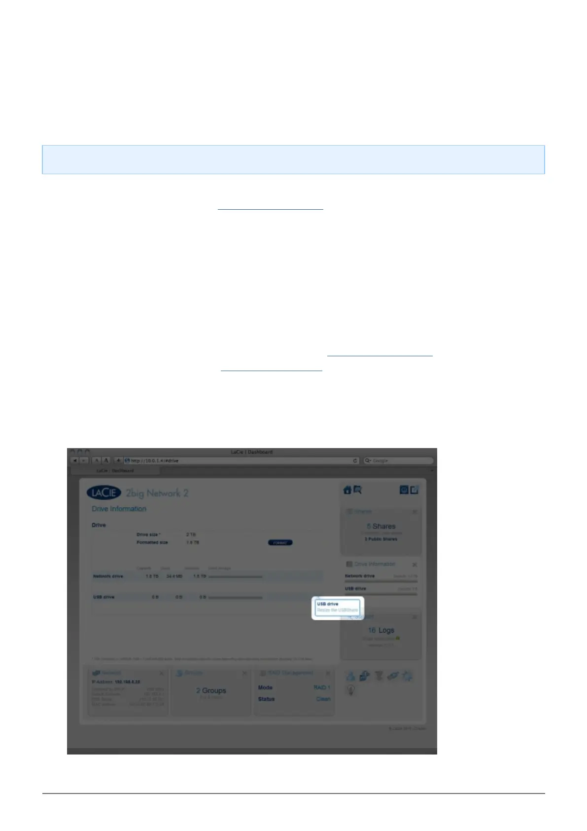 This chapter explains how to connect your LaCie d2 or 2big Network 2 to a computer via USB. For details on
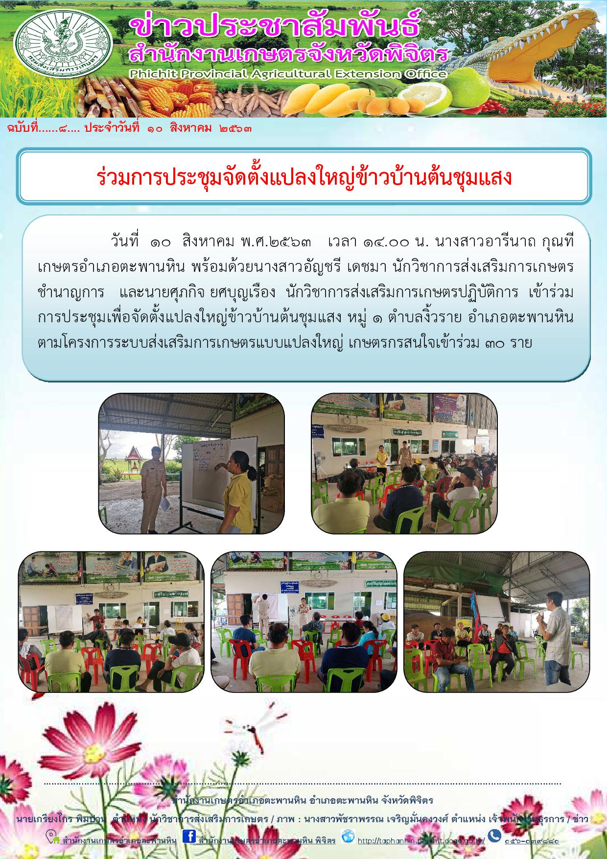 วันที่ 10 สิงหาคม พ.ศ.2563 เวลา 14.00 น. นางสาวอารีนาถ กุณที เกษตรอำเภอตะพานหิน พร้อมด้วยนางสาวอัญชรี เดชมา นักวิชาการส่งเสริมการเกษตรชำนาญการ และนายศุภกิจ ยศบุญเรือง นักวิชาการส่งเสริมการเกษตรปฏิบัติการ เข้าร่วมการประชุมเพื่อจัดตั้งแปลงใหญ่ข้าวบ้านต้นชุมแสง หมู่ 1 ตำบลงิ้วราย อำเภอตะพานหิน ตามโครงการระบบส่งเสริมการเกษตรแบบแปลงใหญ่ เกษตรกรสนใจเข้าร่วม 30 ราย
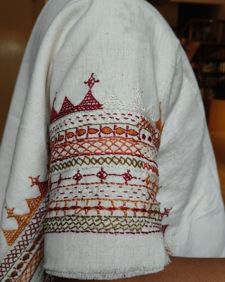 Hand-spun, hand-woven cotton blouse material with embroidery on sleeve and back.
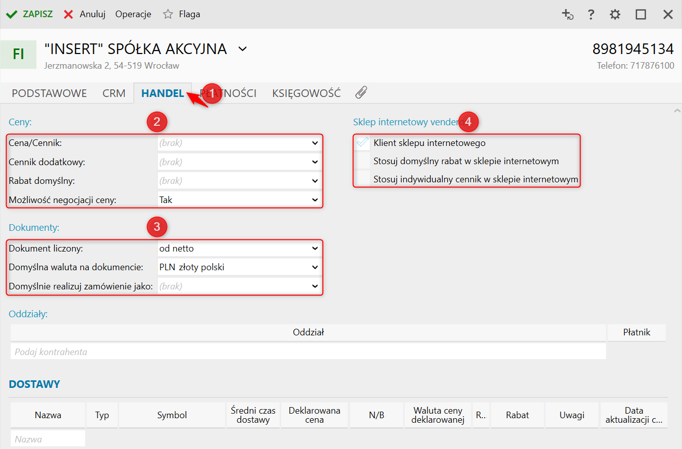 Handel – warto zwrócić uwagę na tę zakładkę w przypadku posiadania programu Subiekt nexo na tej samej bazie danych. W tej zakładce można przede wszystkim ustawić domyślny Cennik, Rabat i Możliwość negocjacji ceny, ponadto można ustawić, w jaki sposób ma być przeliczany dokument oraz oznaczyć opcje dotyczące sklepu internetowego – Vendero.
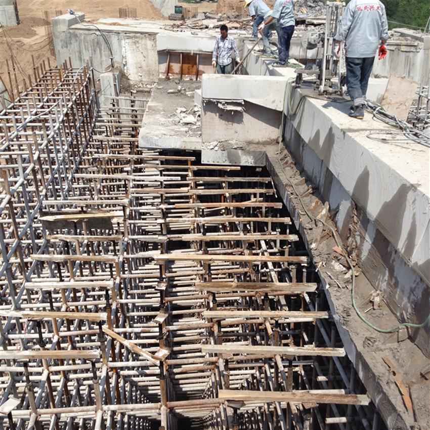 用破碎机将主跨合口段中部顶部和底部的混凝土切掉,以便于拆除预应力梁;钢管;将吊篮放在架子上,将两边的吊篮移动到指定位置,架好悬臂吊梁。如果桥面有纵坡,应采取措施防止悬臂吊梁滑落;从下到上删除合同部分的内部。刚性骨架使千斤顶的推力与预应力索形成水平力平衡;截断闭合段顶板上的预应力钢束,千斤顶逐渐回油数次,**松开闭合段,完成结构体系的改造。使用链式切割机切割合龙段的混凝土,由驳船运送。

######

Leaving every picture out, repeat each line of the material exactly.

### Reply to the exercise
 This chapter explains how to connect your LaCie d2 or 2big Network 2 to a computer via USB. For details on
 วันที่ 10 สิงหาคม พ.ศ.2563 เวลา 14.00 น. นางสาวอารีนาถ กุณที เกษตรอำเภอตะพานหิน พร้อมด้วยนางสาวอัญชรี เดชมา นักวิชาการส่งเสริมการเกษตรชำนาญการ และนายศุภกิจ ยศบุญเรือง นักวิชาการส่งเสริมการเกษตรปฏิบัติการ เข้าร่วมการประชุมเพื่อจัดตั้งแปลงใหญ่ข้าวบ้านต้นชุมแสง หมู่ 1 ตำบลงิ้วราย อำเภอตะพานหิน ตามโครงการระบบส่งเสริมการเกษตรแบบแปลงใหญ่ เกษตรกรสนใจเข้าร่วม 30 ราย
 Hand-spun, hand-woven cotton blouse material with embroidery on sleeve and back.
 Handel – warto zwrócić uwagę na tę zakładkę w przypadku posiadania programu Subiekt nexo na tej samej bazie danych. W tej zakładce można przede wszystkim ustawić domyślny Cennik, Rabat i Możliwość negocjacji ceny, ponadto można ustawić, w jaki sposób ma być przeliczany dokument oraz oznaczyć opcje dotyczące sklepu internetowego – Vendero.
 用破碎机将主跨合口段中部顶部和底部的混凝土切掉,以便于拆除预应力梁;钢管;将吊篮放在架子上,将两边的吊篮移动到指定位置,架好悬臂吊梁。如果桥面有纵坡,应采取措施防止悬臂吊梁滑落;从下到上删除合同部分的内部。刚性骨架使千斤顶的推力与预应力索形成水平力平衡;截断闭合段顶板上的预应力钢束,千斤顶逐渐回油数次,**松开闭合段,完成结构体系的改造。使用链式切割机切割合龙段的混凝土,由驳船运送。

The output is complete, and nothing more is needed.